*** THE INPUT ***
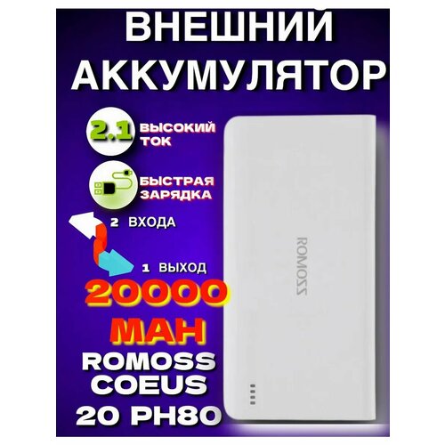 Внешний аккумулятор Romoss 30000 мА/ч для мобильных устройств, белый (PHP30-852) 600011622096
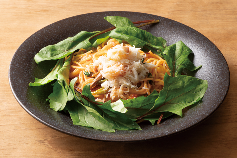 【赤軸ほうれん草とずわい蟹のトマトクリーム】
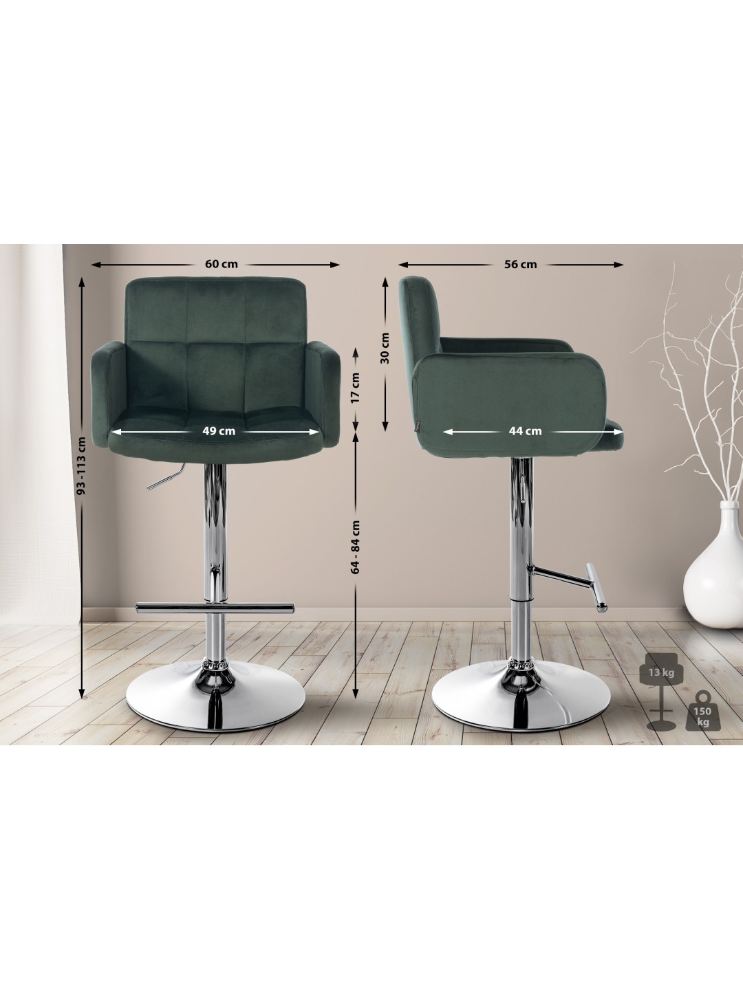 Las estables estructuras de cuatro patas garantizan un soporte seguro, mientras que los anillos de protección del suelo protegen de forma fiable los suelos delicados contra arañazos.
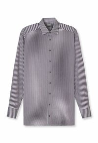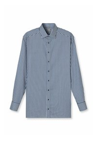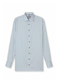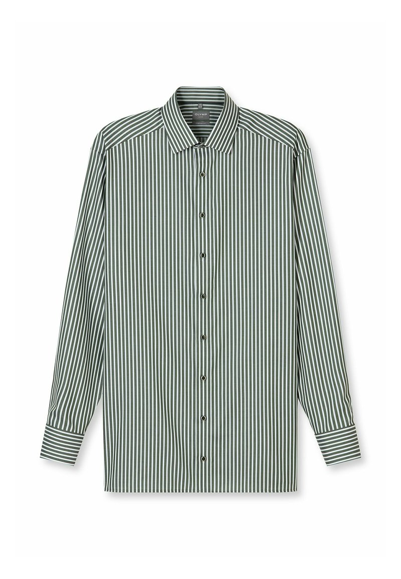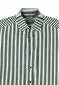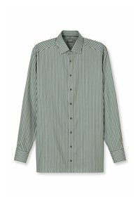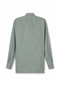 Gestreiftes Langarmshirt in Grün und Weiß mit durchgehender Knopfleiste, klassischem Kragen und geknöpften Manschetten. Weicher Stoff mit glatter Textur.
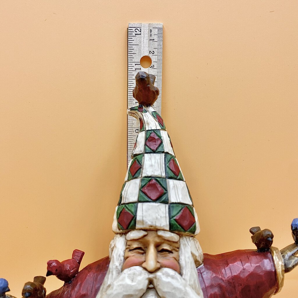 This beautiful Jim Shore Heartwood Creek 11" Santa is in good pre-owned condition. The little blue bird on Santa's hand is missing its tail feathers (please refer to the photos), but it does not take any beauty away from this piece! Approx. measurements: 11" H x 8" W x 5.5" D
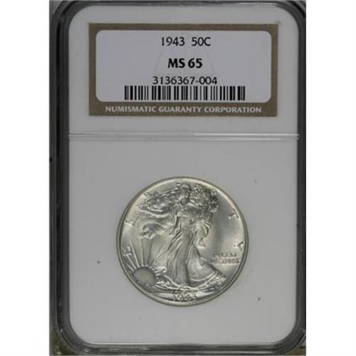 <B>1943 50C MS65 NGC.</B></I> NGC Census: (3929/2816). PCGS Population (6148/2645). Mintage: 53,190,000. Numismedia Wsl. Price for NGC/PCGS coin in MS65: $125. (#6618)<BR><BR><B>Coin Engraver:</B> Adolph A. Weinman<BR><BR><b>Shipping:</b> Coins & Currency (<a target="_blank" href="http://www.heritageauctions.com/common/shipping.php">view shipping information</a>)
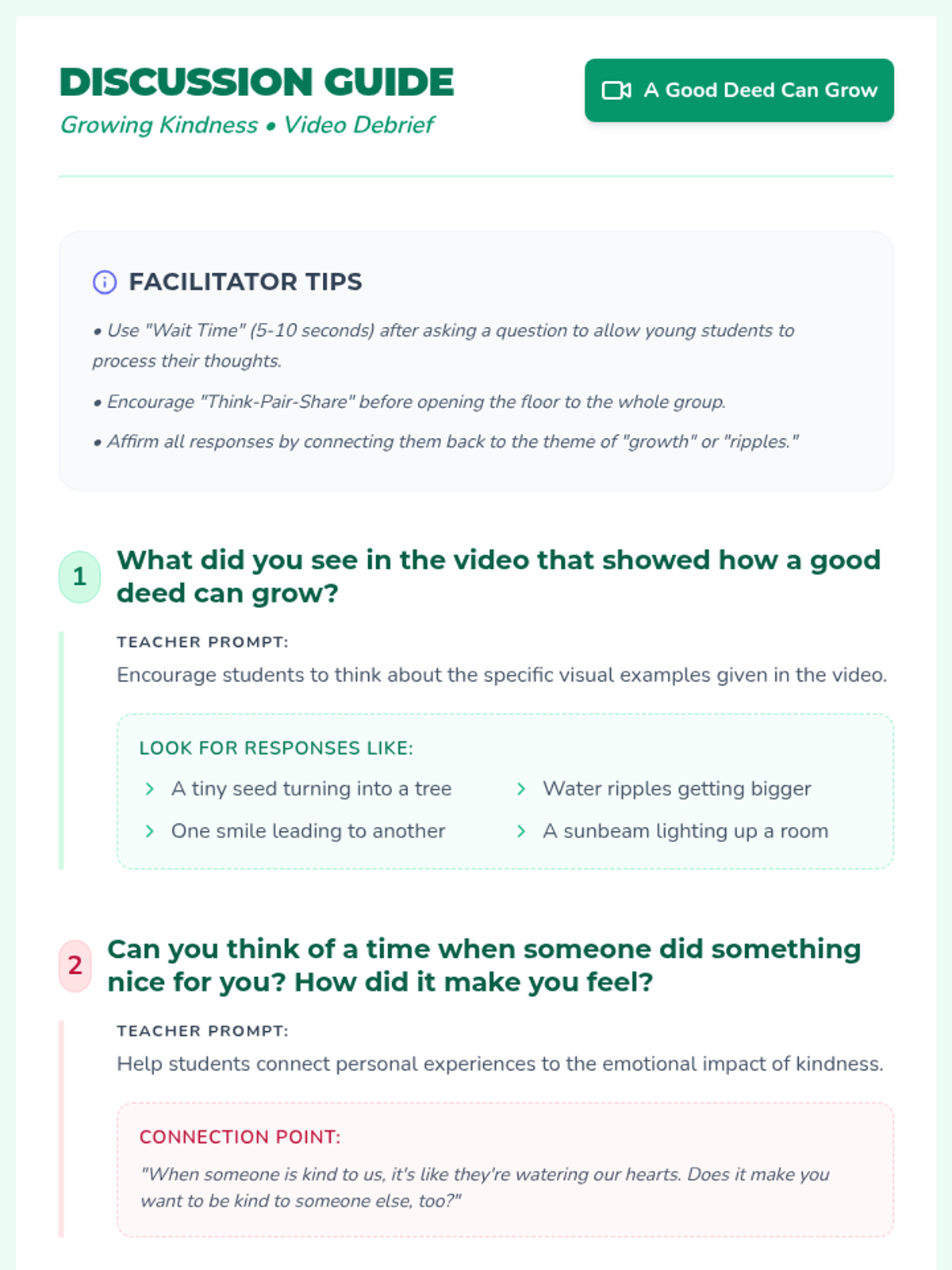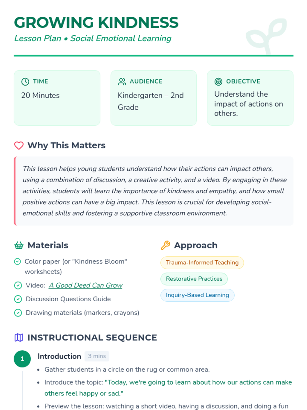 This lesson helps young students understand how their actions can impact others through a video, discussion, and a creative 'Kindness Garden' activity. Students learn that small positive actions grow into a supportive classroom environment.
*** End of THE INPUT ***
*** THE INPUT ***
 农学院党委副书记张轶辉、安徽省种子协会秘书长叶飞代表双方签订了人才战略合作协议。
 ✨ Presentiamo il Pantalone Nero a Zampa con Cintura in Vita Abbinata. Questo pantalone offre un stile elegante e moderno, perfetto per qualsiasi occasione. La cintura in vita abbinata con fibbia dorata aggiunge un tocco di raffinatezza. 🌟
*** End of THE INPUT ***
*** THE INPUT ***
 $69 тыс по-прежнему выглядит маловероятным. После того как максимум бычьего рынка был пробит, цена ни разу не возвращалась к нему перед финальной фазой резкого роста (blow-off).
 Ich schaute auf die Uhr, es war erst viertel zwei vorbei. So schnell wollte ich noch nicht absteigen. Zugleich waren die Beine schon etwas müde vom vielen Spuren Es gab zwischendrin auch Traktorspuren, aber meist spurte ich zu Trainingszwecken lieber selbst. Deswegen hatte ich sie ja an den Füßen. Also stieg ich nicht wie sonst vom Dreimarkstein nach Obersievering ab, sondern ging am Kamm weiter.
*** End of THE INPUT ***
## EXERCISE DETAILS:
The answer is the lines of the material above, from the one containing "Внешний аккумулятор Romoss" down to the one containing "This lesson helps", given exactly and without images.

## REPLY TO THE EXERCISE:
 Внешний аккумулятор Romoss 30000 мА/ч для мобильных устройств, белый (PHP30-852) 600011622096
 【赤軸ほうれん草とずわい蟹のトマトクリーム】
 Las estables estructuras de cuatro patas garantizan un soporte seguro, mientras que los anillos de protección del suelo protegen de forma fiable los suelos delicados contra arañazos.
 Gestreiftes Langarmshirt in Grün und Weiß mit durchgehender Knopfleiste, klassischem Kragen und geknöpften Manschetten. Weicher Stoff mit glatter Textur.
 This beautiful Jim Shore Heartwood Creek 11" Santa is in good pre-owned condition. The little blue bird on Santa's hand is missing its tail feathers (please refer to the photos), but it does not take any beauty away from this piece! Approx. measurements: 11" H x 8" W x 5.5" D
 <B>1943 50C MS65 NGC.</B></I> NGC Census: (3929/2816). PCGS Population (6148/2645). Mintage: 53,190,000. Numismedia Wsl. Price for NGC/PCGS coin in MS65: $125. (#6618)<BR><BR><B>Coin Engraver:</B> Adolph A. Weinman<BR><BR><b>Shipping:</b> Coins & Currency (<a target="_blank" href="http://www.heritageauctions.com/common/shipping.php">view shipping information</a>)
 This lesson helps young students understand how their actions can impact others through a video, discussion, and a creative 'Kindness Garden' activity. Students learn that small positive actions grow into a supportive classroom environment.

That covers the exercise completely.